* RECORDS TO USE *
---
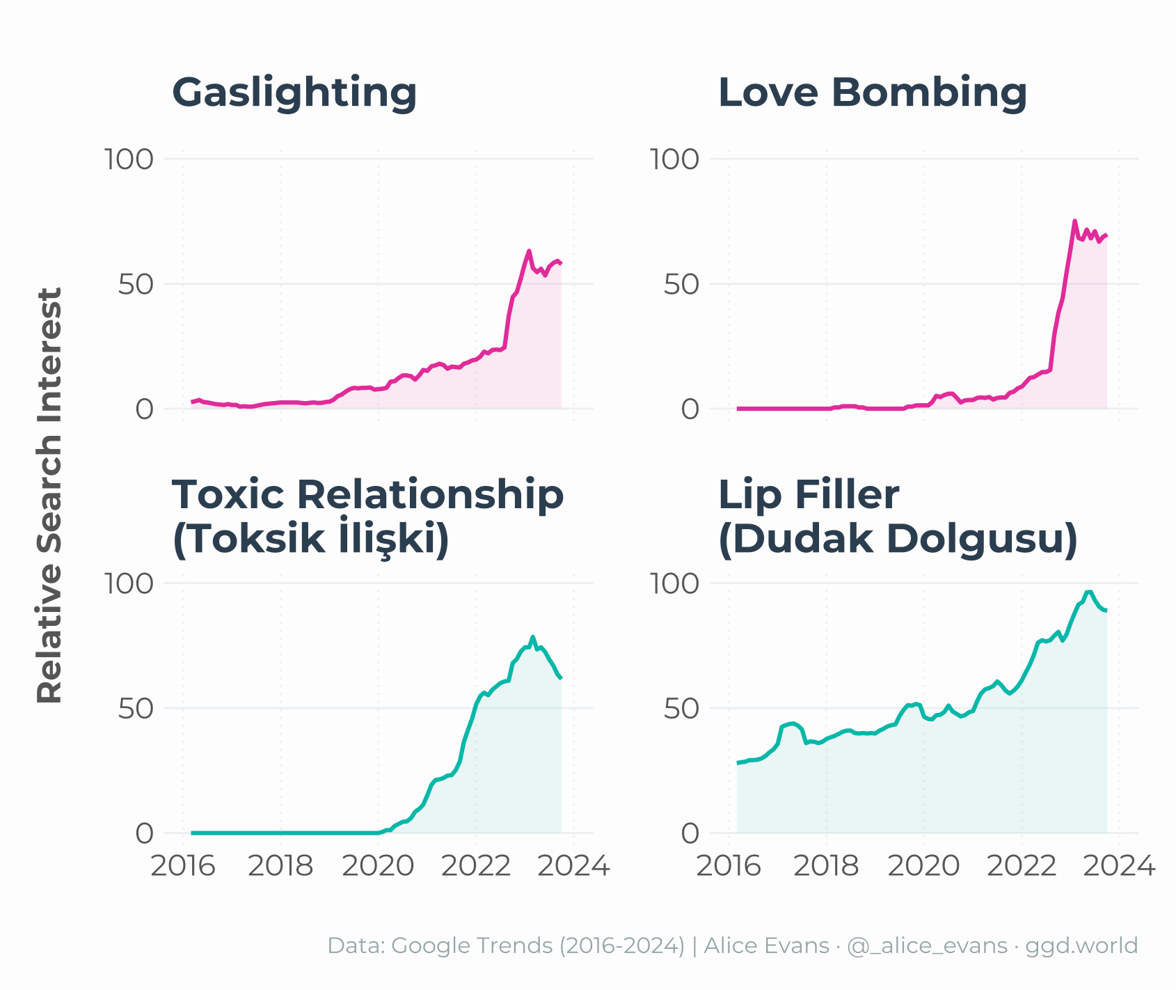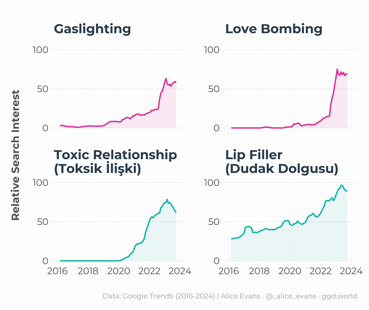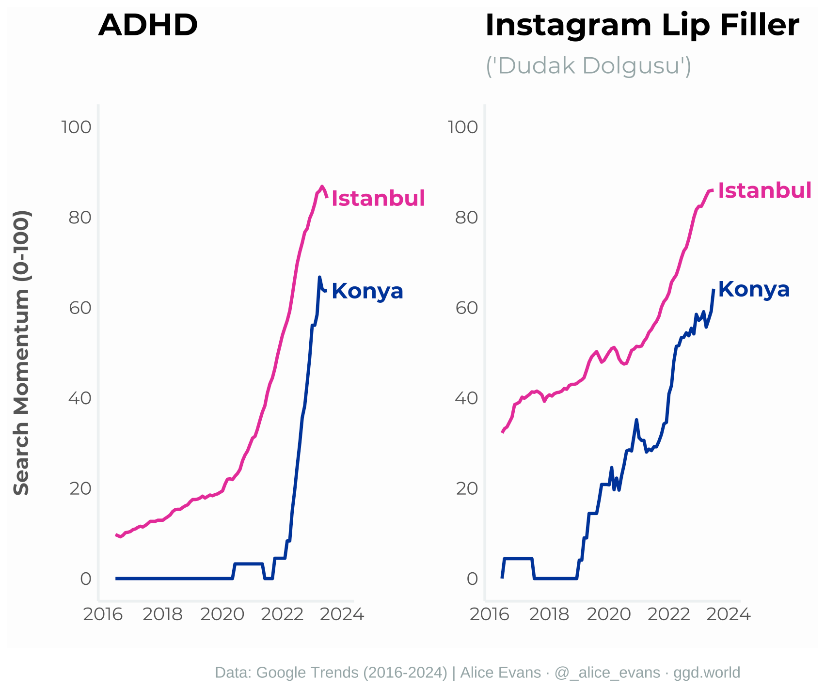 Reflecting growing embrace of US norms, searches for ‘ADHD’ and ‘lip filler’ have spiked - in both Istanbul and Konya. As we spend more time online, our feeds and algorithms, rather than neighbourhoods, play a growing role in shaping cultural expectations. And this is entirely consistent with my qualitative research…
---
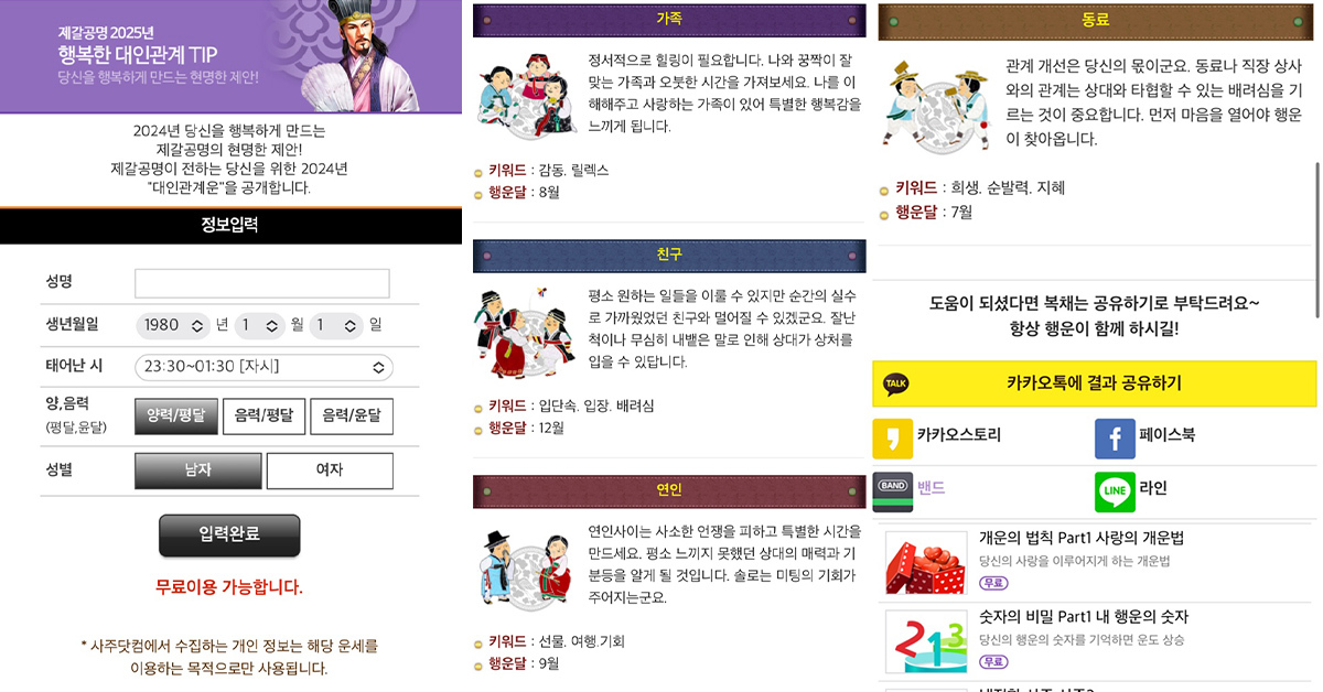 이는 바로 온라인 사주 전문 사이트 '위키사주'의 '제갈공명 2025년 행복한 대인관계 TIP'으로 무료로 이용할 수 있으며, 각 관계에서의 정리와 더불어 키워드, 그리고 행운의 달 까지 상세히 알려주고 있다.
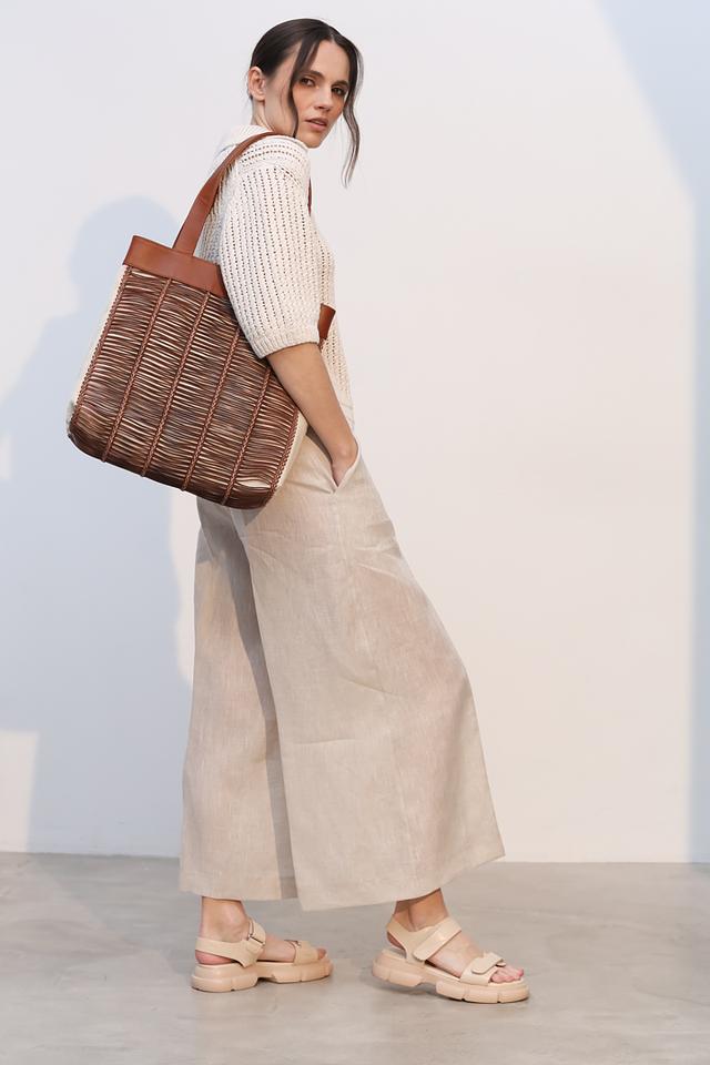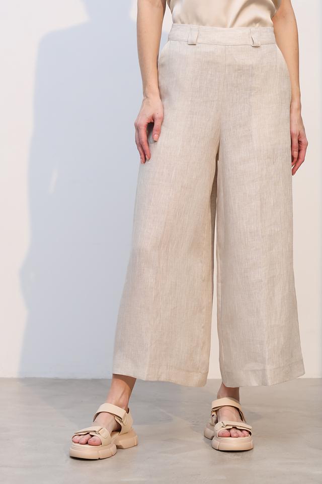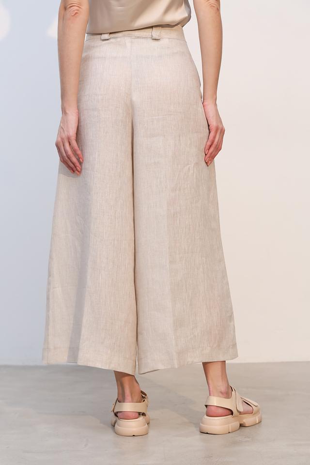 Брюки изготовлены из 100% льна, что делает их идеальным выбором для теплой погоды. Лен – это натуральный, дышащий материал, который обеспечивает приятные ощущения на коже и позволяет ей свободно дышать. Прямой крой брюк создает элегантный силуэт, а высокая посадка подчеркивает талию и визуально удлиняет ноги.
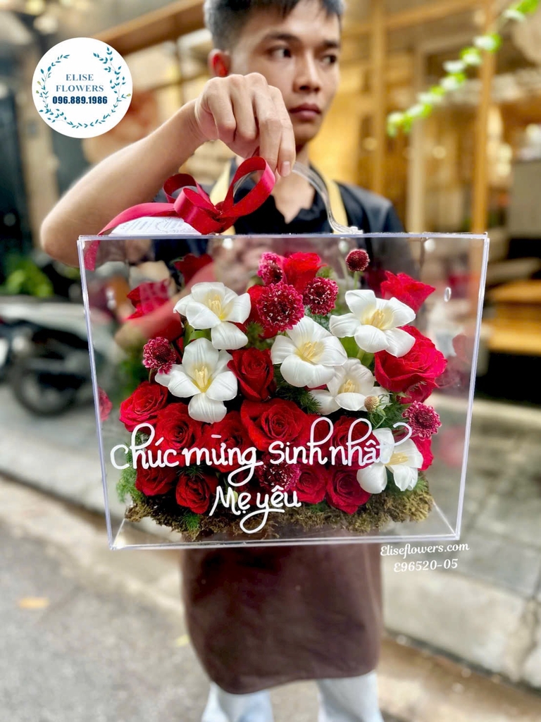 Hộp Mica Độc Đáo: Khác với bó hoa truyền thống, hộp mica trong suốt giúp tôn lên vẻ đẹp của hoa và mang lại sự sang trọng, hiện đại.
---
* WORK TO COMPLETE *
Transcribe only this stretch of the data: the line with "이는 바로 온라인 사주", the line with "Hộp Mica Độc", and every line in between. Leave out the pictures.

* TASK ANSWER *
 이는 바로 온라인 사주 전문 사이트 '위키사주'의 '제갈공명 2025년 행복한 대인관계 TIP'으로 무료로 이용할 수 있으며, 각 관계에서의 정리와 더불어 키워드, 그리고 행운의 달 까지 상세히 알려주고 있다.
 Брюки изготовлены из 100% льна, что делает их идеальным выбором для теплой погоды. Лен – это натуральный, дышащий материал, который обеспечивает приятные ощущения на коже и позволяет ей свободно дышать. Прямой крой брюк создает элегантный силуэт, а высокая посадка подчеркивает талию и визуально удлиняет ноги.
 Hộp Mica Độc Đáo: Khác với bó hoa truyền thống, hộp mica trong suốt giúp tôn lên vẻ đẹp của hoa và mang lại sự sang trọng, hiện đại.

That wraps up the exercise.